I had a discussion with one of my employees, who is in her 40s, last week about a disagreement she had with one of my managers. In that conversation, she mentioned that the manager, who is in her 20s, should treat her with respect because she is her elder.
I'm sure we've have all heard the saying, "Respect your elders." But in this scenario, who should be afforded respect in the disagreement (given both should respect each other, but I'm speaking in the case of conflict)? Should it be the manager because she is a supervisory role and is responsible for the behaviors and actions of the employee? Or should it the employee because she is 20 years older than the manager?
When should respect be afforded? Is respect something that should be given solely because of a person's age? Or does respect have to be earned? What are your thoughts?
Edited to clarify: It is already assumed that each person should afford whatever respect deserved as a human being. That is not what is being asked here.

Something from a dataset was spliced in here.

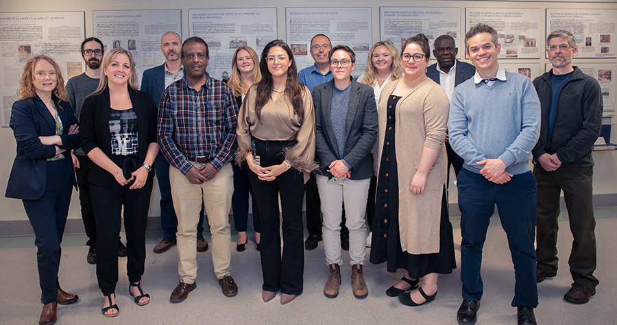 L’équipe de la recherche et de l’évaluation en santé. Au premier rang se trouvent Marie-Josée Plourde (Coordonnatrice de recherche), Vicky Pellerin (Adjointe à la direction), Araya-Yohannes Bekele (Bibliothécaire), Sara Naam (Consultante de recherche), Dominique Comeau (Consultante de recherche), Isabelle d’Entremont (Consultante en gestion du changement) et Breitner Gomes Chaves (Consultant en évaluation). Au deuxième rang se trouvent Marc-André Bouchard (Conseiller en recherche), Jeanot Gauvin (Gestionnaire de l’unité d’appui aux essais cliniques), Erika Dugas (Directrice régionale de la recherche et évaluation en santé), M`hamed Belkhodja (Bibliothécaire), Carly Demont (Consultante de recherche), Evens Datus (Consultant en évaluation) et Marc Robichaud (Consultant de recherche).

I noticed respect for age is not an American thing compared to other countries. The idea is that one of age and/or spiritual experience has more wisdom of things in the past and/or things experienced for years that someone who is young or just started practicing would experience.
Respect for employee and manager in American culture I've noticed is somewhat of the same standards but instead of basing it on wisdom and knowledge, it's based on hierarchy and title. So a manager who has less work-experience and more college experience in financing would be respected more because of their title and station rather than the former wisdom and experience. Age is a factor by default; but then you have a lot of elders who haven't learned by experience. You have younger folk that are more open to how others experienced and can empathize and even take the knowledge in as their own.
The order of respect depends on culture. I'm born, raised, and probably die an American with no cultural experience and never been out of the country. So, respect is somewhat different in southern states as compared to northern.
I'd say that both manager and employee have the responsibility to respect each other. Without the employee, the manager would have to do the work. Without the manager, the employee wouldn't know what work he needs to do. They are dependant of each other for the success of whatever business both of them work for.
In business, age shouldn't factor in the work equation. If anything, respect should be mutual. Unless in the military, I don't' see why respect wouldn't be mutual because titles don't mean anything if you don't have respect for your employee.